The UAE and Saudi Arabia together attracted $27.9 billion in investments, reinforcing their status as the twin anchors of the region's deal-making ecosystem. The UAE accounted for $25.4 billion of this figure, underscoring its position as the top destination for international investors, while Saudi Arabia drew $2.5 billion, reflecting its growing role in diversifying beyond oil and into sectors such as chemicals, technology, industrials, and real estate. The combined contribution of these two Gulf economies amounted to nearly half of all deal value in the region, demonstrating their pivotal role in shaping the MENA investment landscape.
The period was characterised by an unprecedented surge in cross-border transactions, which climbed to a five-year high. Cross-border deals accounted for 233 out of the 425 total transactions, with a combined value of $45.9 billion.
This represented 55 per cent of total deal volume and 78 per cent of overall value. Chemicals and technology were the standout sectors, together contributing 67 per cent of cross-border deal value. The largest deal was the $16.5 billion acquisition of a 64 per cent stake in Borouge by Borealis AG and OMV AG, underscoring the appeal of the UAE's industrial and chemicals sector to international capital.
Analysts point out that this surge in activity reflects the region's resilience and adaptability amid global headwinds. 'The positive performance in the first half of 2025 underscores the strength, dynamism, and resilience of Mena's M&A market,' said Brad Watson, Mena EY-Parthenon leader. 'We are witnessing record-breaking cross-border activity as investors look beyond short-term volatility, actively pursuing scale, innovation, and new market opportunities. The UAE, in particular, remains a magnet for global capital, supported by a stable regulatory framework and a focus on economic diversification, while regional partnerships with Europe, Asia, and North America are opening doors to fresh growth channels.'
Domestic and inbound M&A also saw strong gains. Domestic deals accounted for 192 transactions worth $12.8 billion, representing 45 per cent of total volume and 22 per cent of total value, nearly doubling year-on-year. Diversified industrial products and technology were the primary drivers. The largest domestic deal was Abu Dhabi-based Group 42's $2.2 billion purchase of a 40 per cent stake in Khazna Data Center, highlighting continued investor appetite in the digital infrastructure sector.
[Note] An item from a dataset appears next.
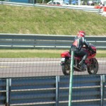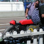 D’emblée, lorsqu’on pénètre sur ce circuit, ce qui frappe c’est le calme bon enfant qui règne. Pas un éclat de voix, que des sourires, les gens sont là pour prendre du bon temps, c’est certain. En deux jours nous n’avons pas vu un gars aviné, pas une enguelade, pas une bousculade. La « sécurité » est là visible, pas agressive. Dans les stands et le paddock il y a du monde partout, les participants se frayent un passage avec leur moto au milieu des curieux, tout ce petit monde se ménage, s’écarte et ça se passe bien. Cela aussi c’est étonnant !

Inbound activity rose sharply, with 107 deals worth $21.5 billion, an increase of 53 per cent in volume and more than threefold in value from $6.4 billion in H1 2024. The UAE was again the standout performer, accounting for 50 per cent of inbound deal volume and an overwhelming 98 per cent of inbound value. Austria emerged as the leading investor, contributing 77 per cent of inbound deal value, driven largely by the Borouge chemicals sector transaction.
Outbound deal-making also grew steadily, with 126 transactions valued at $24.4 billion, up 30 per cent in volume from the previous year. The UAE and Saudi Arabia were central players, together accounting for 87 per cent of outbound value. Prominent deals included Adnoc and OMV AG's acquisition of Canada's Nova Chemicals and Saudi Aramco's $3.5 billion purchase of Primax in South America, illustrating how Gulf energy and industrial champions are extending their global footprint.
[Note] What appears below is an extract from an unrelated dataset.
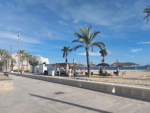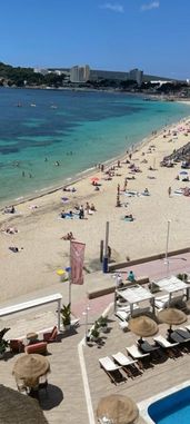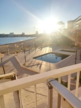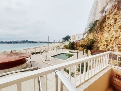 Herrliches renoviertes Apartment mit der Gesamtgrösse von 48m2 in erster Linie mit Blicküber die ganze Bucht.Die Wohnung auf 42m2 befindet sich auf dem Strandabschnitt zwischen Palmanova und Magaluf. Die Wohnung mit offener Küche, große Schiebefenster , AC,Terrasse, 1 Schlafzimmer , Bad , Einbauschrank ist hell und sonnig . Zum Haus gehört ein Pool und ein öffentlicherr Parkplatz. Gemeinschafskosten 227€ für 2 Monate. Schöne Promenate und gute Lokale , Beachclubs , 3 Strände direkt fussläufig an der Wohnung.
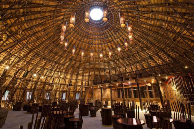 酒吧与当地的水元素进行了很好地映衬结合,沿着石头路就能走到巨大的茅草屋中,房屋四周茅草被温暖的灯光点亮,营造了极其舒适温馨的环境,再品上两杯酒就更加完美了。

A key feature of the first half was the significant role of sovereign wealth funds and government-related entities, which contributed $21 billion across 54 deals. Entities such as the Abu Dhabi Investment Authority (Adia), Public Investment Fund (PIF), and Mubadala were highly active, focusing on chemicals, technology, and industrial sectors that align with long-term national diversification agendas.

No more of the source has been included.